Even more strangely, of these latter two files from June
(I went through my scan & quarantine histories) :

• in August of last year :
  ONE of them (call it ‘file-1’) was the ONLY file that was flagged & quarantined back then,
  while the OTHER one (‘file-2’) initially tested as ‘clean’ in that same scan,
  and only came up as malicious earlier this year…!? ;

• With 9 March updates (ie as of last month, immediately prior to the current thread)
  AND with 6 April updates (ie as of 2 days ago) :
  BOTH files were testing as ‘malicious’ ;

• With 8 April updates (ie today) :
  File-1 (the ORIGINAL ‘malicious’ file) is now finally testing as clean,
  while File-2 (which was originally testing as clean) is now the only file out of all 32
  that is still testing as malicious…!?

(note that both wikipedia articles
are currently able to download fine and are not being intercepted -
ie it is only the originally-downloaded pdf versions of these 2 articles
from several months ago that are/were problematic.)

I cannot understand what the actual problem is, nor what the reasons are for what is happening,
nor why the problem is only being caused AND fixed in stages like this…

All I can say is that I hope that the crux of the problem
has been noted by norton technicians and sorted,
and that therefore this issue will not be periodically
raised again in future with further wiki-downloaded files…

with respect to these two links,

it seems that the second one redirects to the first in any case : )

(although I cannot see where the Request ID is generated - the ‘Check Status’ button asks for the user to enter such an ID, rather than providing one…)

Anyway, as far as I can see, the Norton GUI itself has a :

• “Report False Detection” button in the “Threat Secured” pop-up window
  which comes up as a threat is intercepted, as well as a

• “Send For Analysis” button in the quarantine list
  (when you hover over a file in the list, a three-dots icon
  appears at the right side, leading to a drop-down menu)

both variants lead to the same place : namely a further window where the file is automatically pre-attached, with radio buttons for whether the user wants to submit (what they think is) a false positive or a false negative, and a space for adding free text notes on the issue.

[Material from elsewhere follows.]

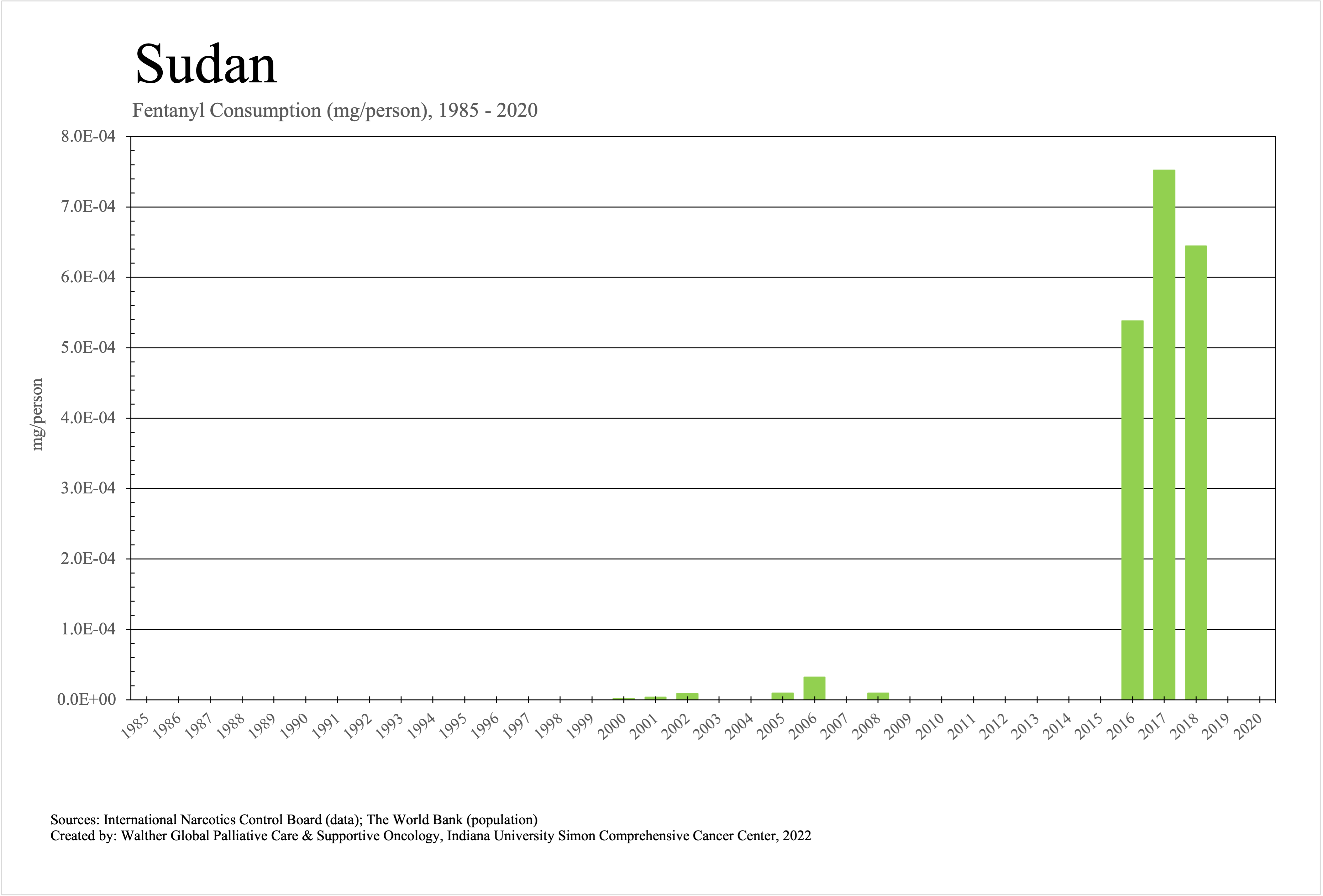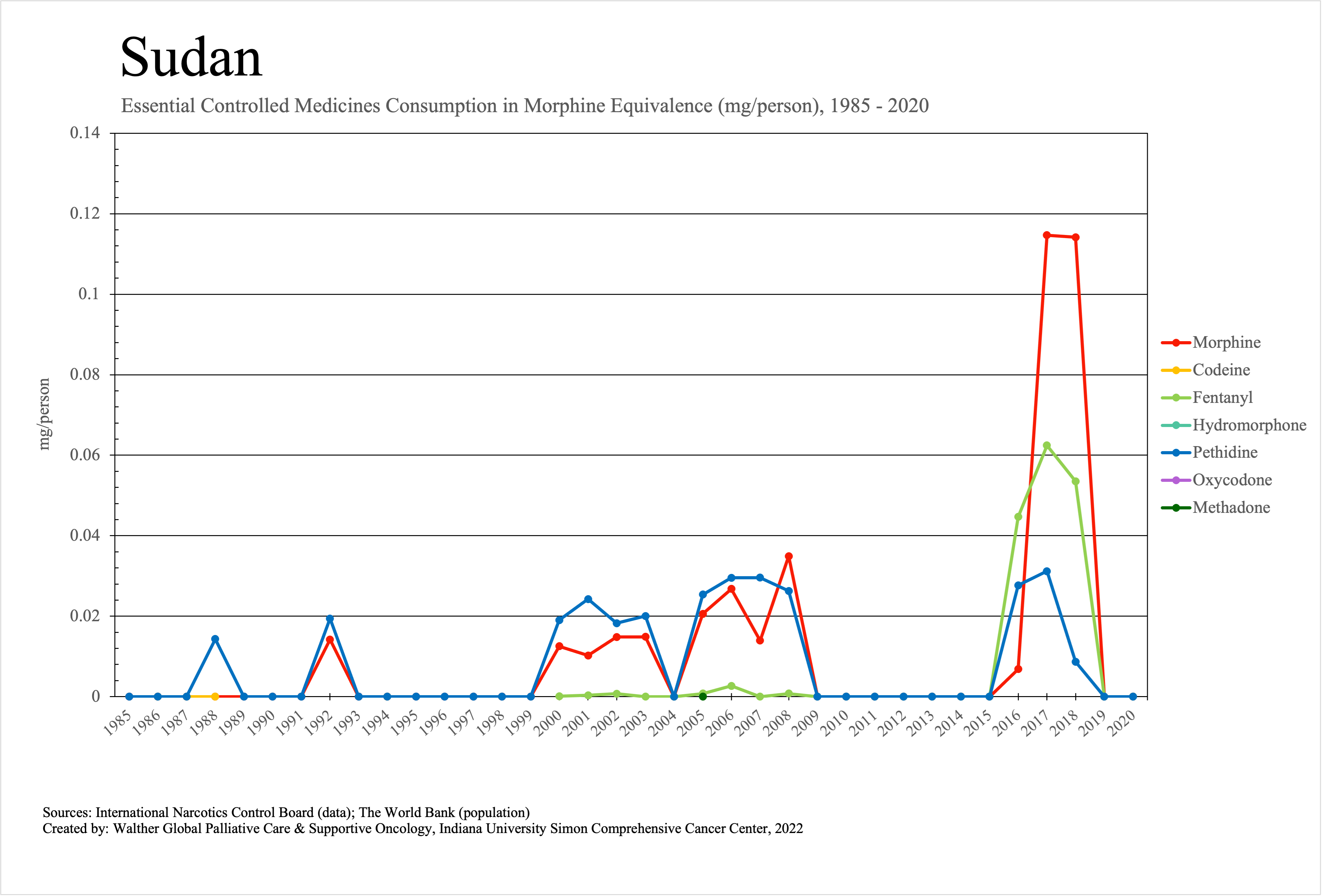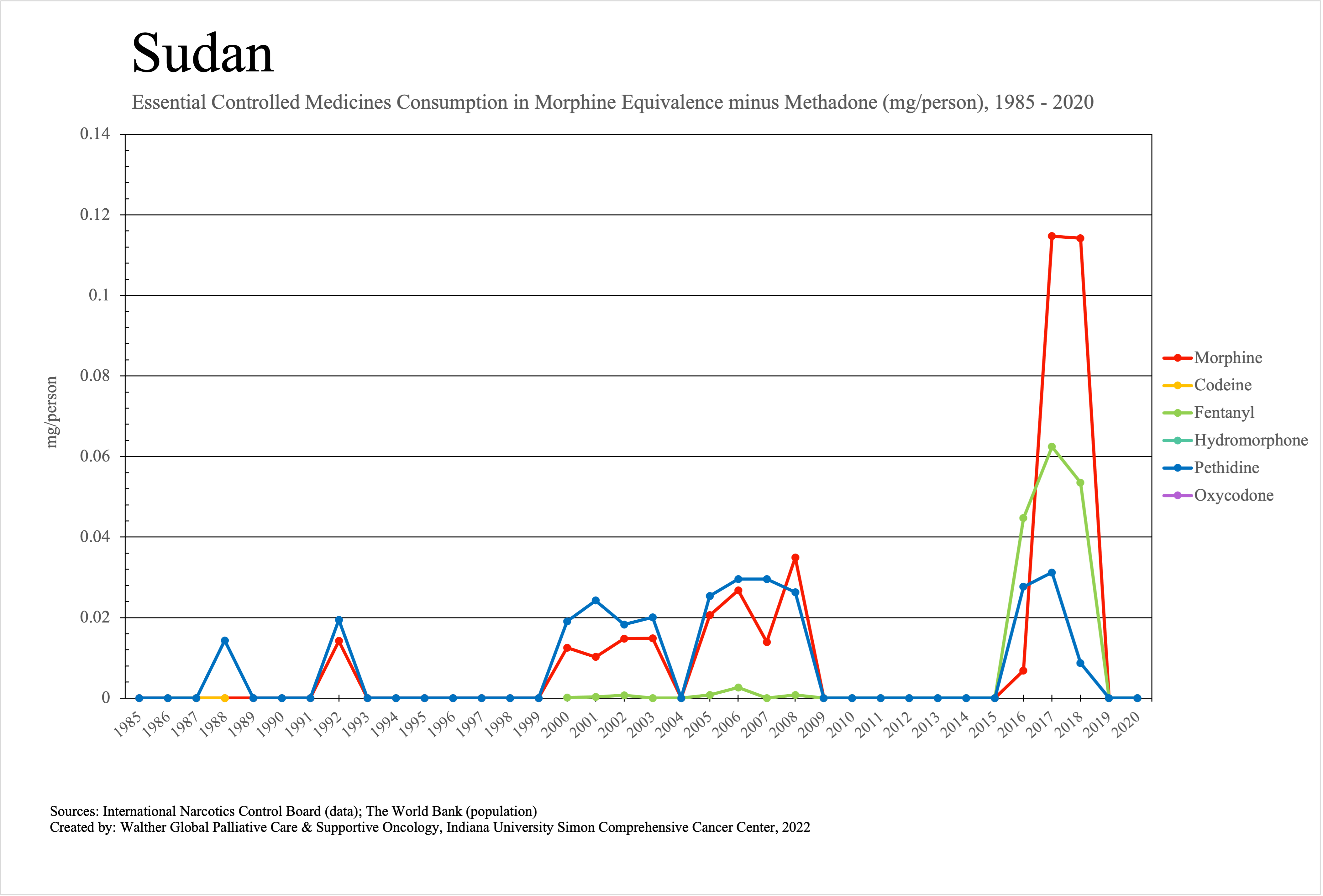 The graphs below provide the Essential Controlled Medicines consumption data trends from 1985 to 2020 in milligrams per capita and Morphine Equivalence (ME) milligrams per capita, as reported to the International Narcotics Control Board (INCB).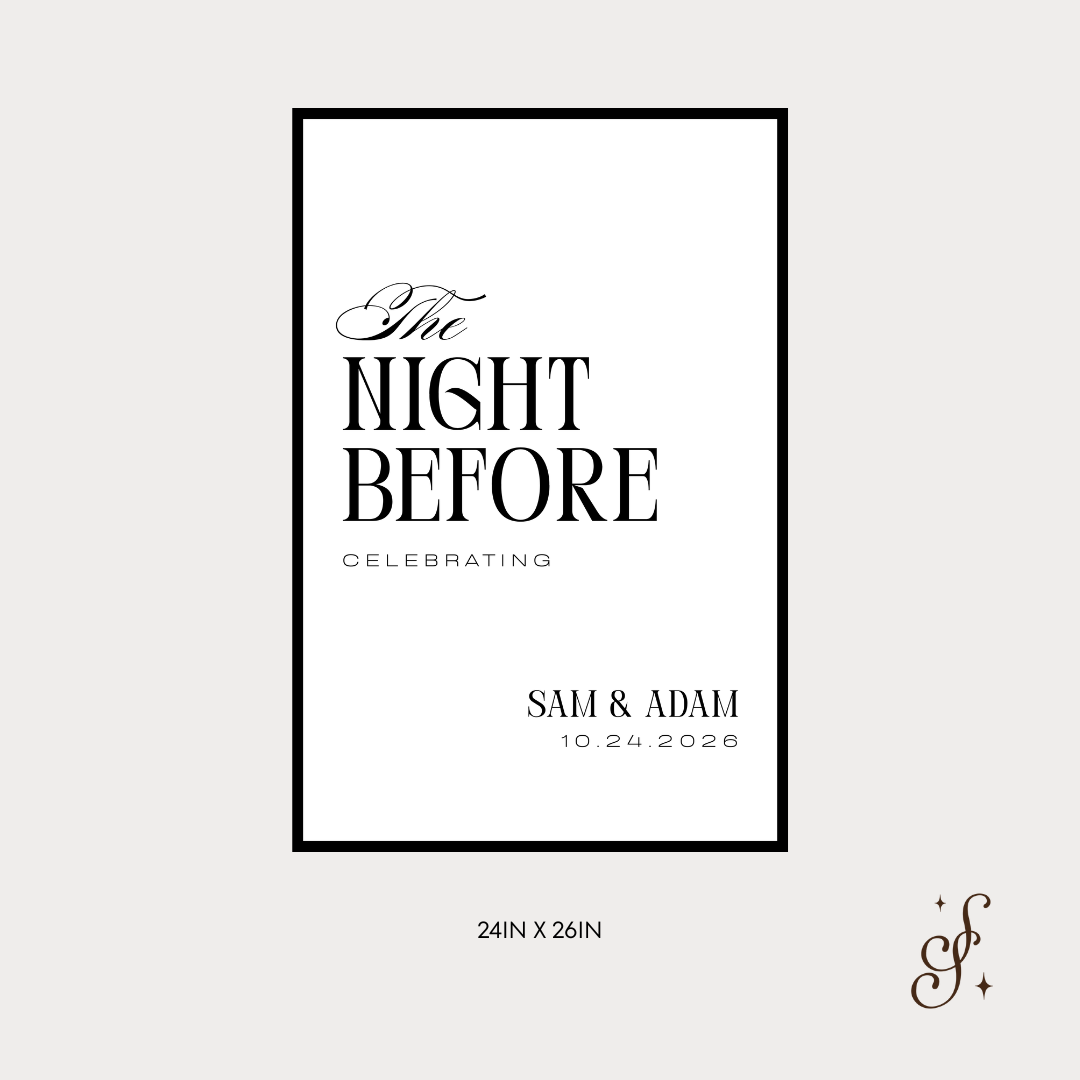 Celebrate the start of your wedding weekend with the Sloane “The Night Before” Sign. Designed in a classic black-and-white palette.

I guess this option is even easier (and safer) than going through the website and uploading the file, albeit a .zip/.rar, since the user would need to disable their AV in order to create the archive in the first place!

p.s.

submitted that one final file through the gui. hopefully it will give some greater elucidation to norton technicians on this wider issue, due to being so much more ‘insidious’ than the others!